The problem
The OLG Brandenburger passed an interesting, if not too surprising, verdict for it, and in the process annulled the District Court of Potsdam.
In the relevant dispute, there was a dispute over the ownership of data from various insolvency proceedings, in which the OLG Brandenburg takes the view that electronic data do not contain any physical objects and therefore no property within the meaning of 90 BGB.

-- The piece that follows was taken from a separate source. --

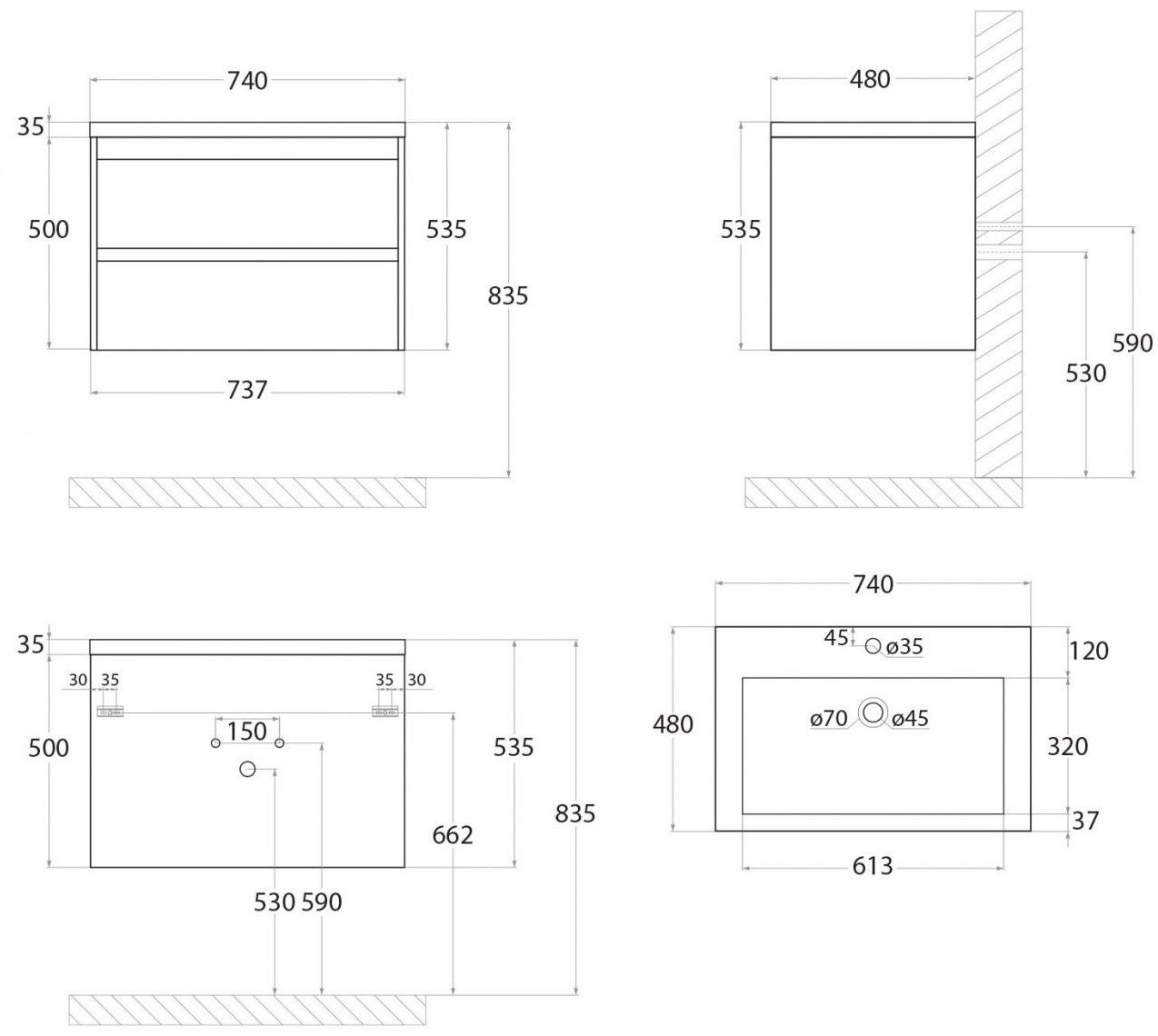 - Рекомендуемая высота от пола: 830 мм
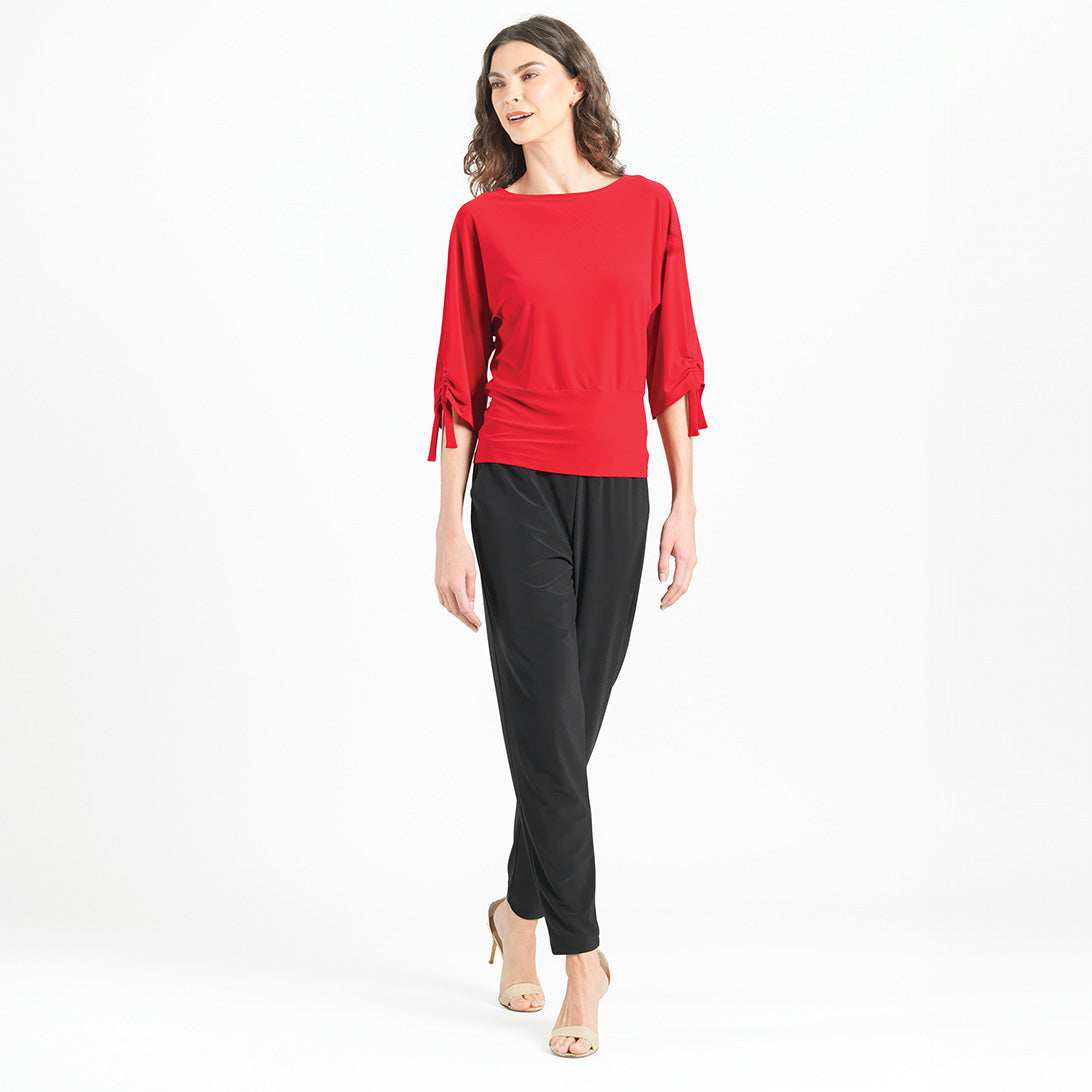 Get ready to pull out all the fashion stops in our Pull-Tie Cuff Blouson Top! Featuring a round neckline, dolman half-sleeves with pull-tie cuffs, designed to allow you to adjust the sleeve for a custom ruched effect, and waist hugging hemline, that displays an elegant blouson silhouette.

With regard to the electronic data, there is already a lack of property in accordance with Section 90 of the German Civil Code (BGB), so that the property protection regulations do not apply. Insofar as analogous application of ownership protection to data is advocated, this is not convincing. On the one hand, an analogy presupposes a loophole that is contrary to the plan. On the other hand, the comparability of the facts to be assessed must be present, that is to say, the facts to be assessed from a legal point of view comparable to the facts which the legislature has regulated in such a way as to be possible to assume that the Legislators would have had the same balance of balance in a balance in which he would have been guided by the same principles as when the legislation used was adopted.
The decision of the OLG
The OLG rejects this:
An unplanned loophole cannot be assumed, since the historical legislature did not want to regulate the inclusion of data in the protection of property, because there was no need for it due to the technical state of the art at the time. It is also to be denied that the legislature, if it had foreseen technical progress, would have come to the same balance. There is already a lack of comparability. Data cannot affect the physicality of things s. section 90 of the German Civil Code, since, unlike physical objects, they are characterised by their non-rivalry, non-exclusivity and non-exploitation, i.e. that they can be used by a large number of users without the use of the other that they can be copied at will without any special financial effort and are not subject to wear or aging.
As a result, there was no claim to surrender to the digital files for the plaintiff in the order.
The basic idea could continue to occupy courts in the future due to the advancing digitalization. More and more companies are not using leitz folders or other storage folders to store data and documents, but scans, cloud storage or other digital solutions. The question of who “owns” this data is likely to arise in the future if the respective problems cannot be solved by other legal institutions such as copyright.
However, as the Court also points out, the Working Group on Digital Restart of the Ministers of Justice of the Länder has dealt with the issue in detail and stated in its report that there is a “data ownership” or other absolute digital data does not exist in the current legal system.
This could mean that these issues must be dealt with clearly and unambiguously and that this aspect must be taken into account when drafting the treaty.